The Pekin Syndicate (Or Peking Syndicate in some sources) was an Anglo-Italian company, founded in London, United Kingdom, that was conceived and incorporated in 1897 and operated within the territories of the Qing Empire, Warlord China , and the People's Republic of China. At one point, the syndicate had become one of the most powerful foreign companies in China.

== History ==

=== Founding and goal ===
The Pekin Syndicate was created in 1897 by a knight of the Civil Order of Savoy, Angelo Luzzatti, and Carlo Starabba di Rudinì, the son of Antonio Starabba, Marchese di Rudinì. The objective of the Syndicate was to obtain concessions out of the Qing Empire to profit from the construction of railways, the creation of a local Sino-Anglo-Italian bank, find a resource suitable for exploitation, and create a supply chain to increase the sale of weaponry to the Qing after their interest in armament grew.

Since its initial founding, the Syndicate had gotten support from investors located in the British Empire and the Kingdom of Italy. Especially, British investors saw the opportunity to use the company to grow their profit and revenue in China through the exploitation of resources.

=== First ventures and affairs ===
Since 1896, Shanxi governor Hu Pinzhi saw the potential of the region he was governing, and thus, wanted to incentivise foreign concessions and investments as to import various mining and capitalistic technique which he planned to adopt. One of the main companies he had allowed to station in Shanxi was the Pekin Syndicate.

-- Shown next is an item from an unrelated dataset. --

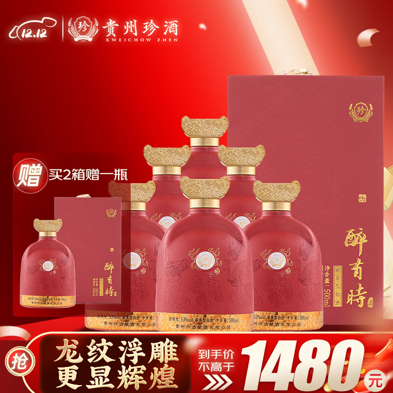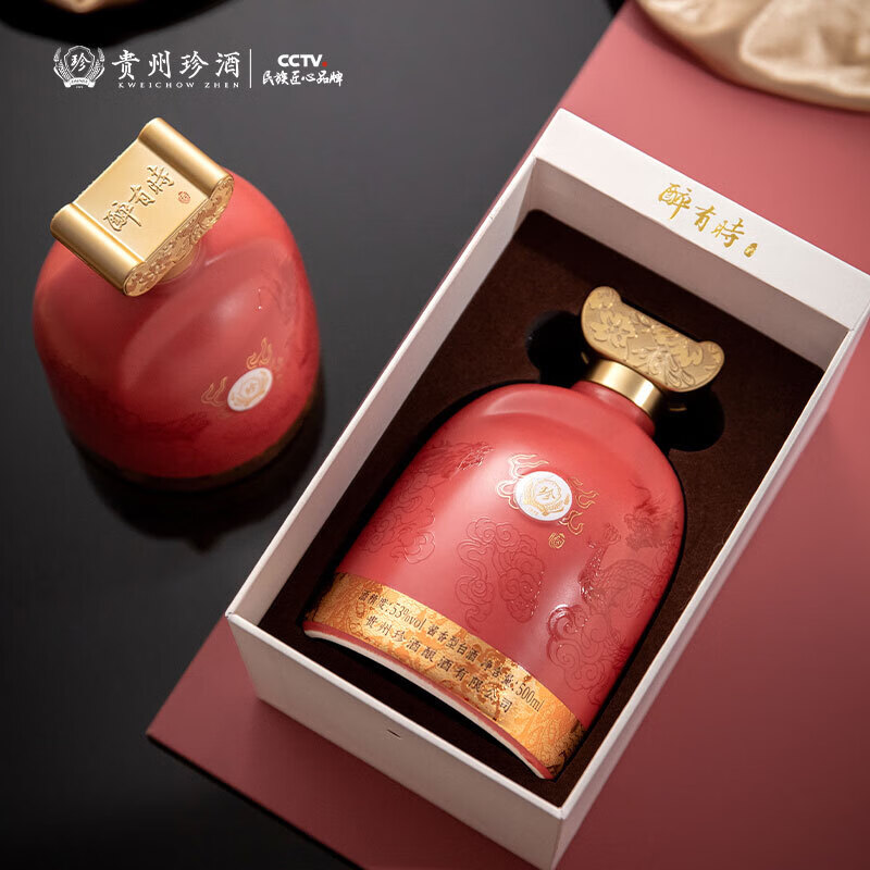 珍酒贵州 醉有时 53度酱香型高度白酒 纯粮酿造大曲坤沙 53度 500mL 6瓶 喜宴版(整箱装)价格:1759.00元!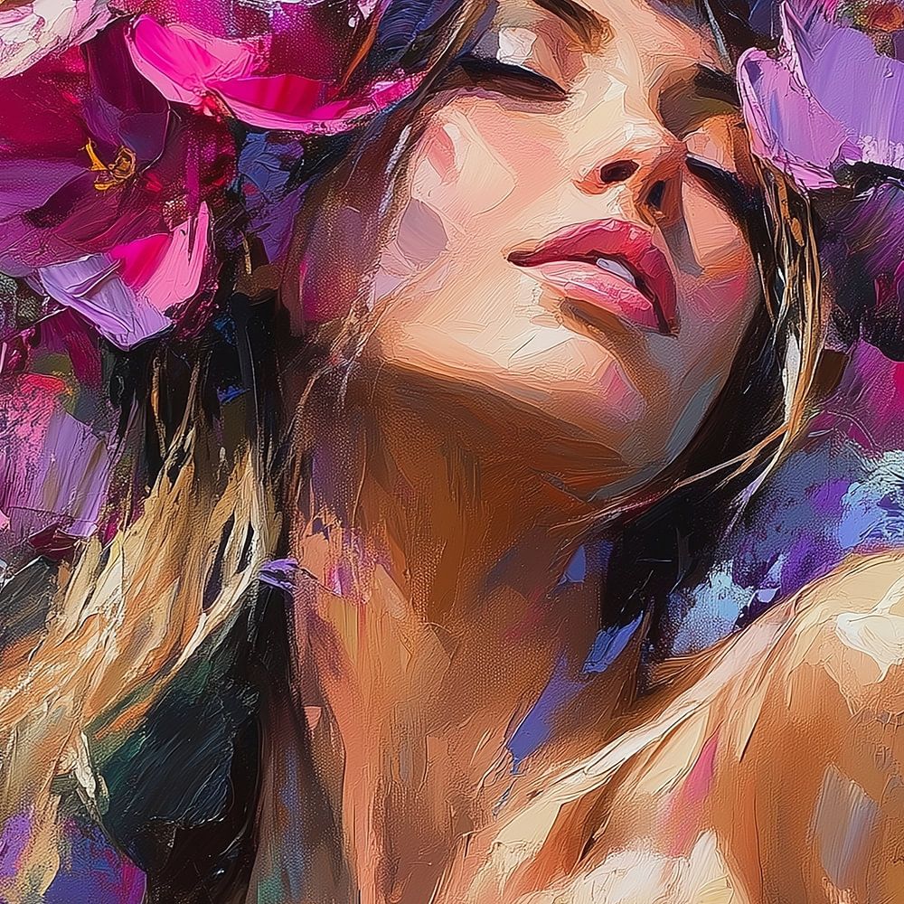 An oil painting of flowers, executed in the Impressionist style with visible brushstrokes that capture the dynamism and vibrancy of the subject. In the painting, we see a beautiful woman whose hair and parts of her face are covered with colourful petals and green leaves. These floral elements create a harmonious connection between the woman and nature, making her seem almost one with her surroundings. The vibrant colours and playful composition evoke a sense of joy and energy, and the use of impressionist techniques adds a dreamy quality to the whole, celebrating the beauty and fragility of nature in a unique way.

In fact, in 1898, the company would see its first big success, securing the rights to Shanxi’s rich coal, petroleum and iron resources. This allowed them to claim one of the most exclusive coal reserves and one of the largest iron reserve in the entire globe (20,000 square miles in Shanxi alone).

Expected figures during those years would be around 900,000 million tons of coal, with a profit of £750,000 annually. The company would continue to prosper by getting railway concessions as an "exploration company" whilst de facto also being a mining company.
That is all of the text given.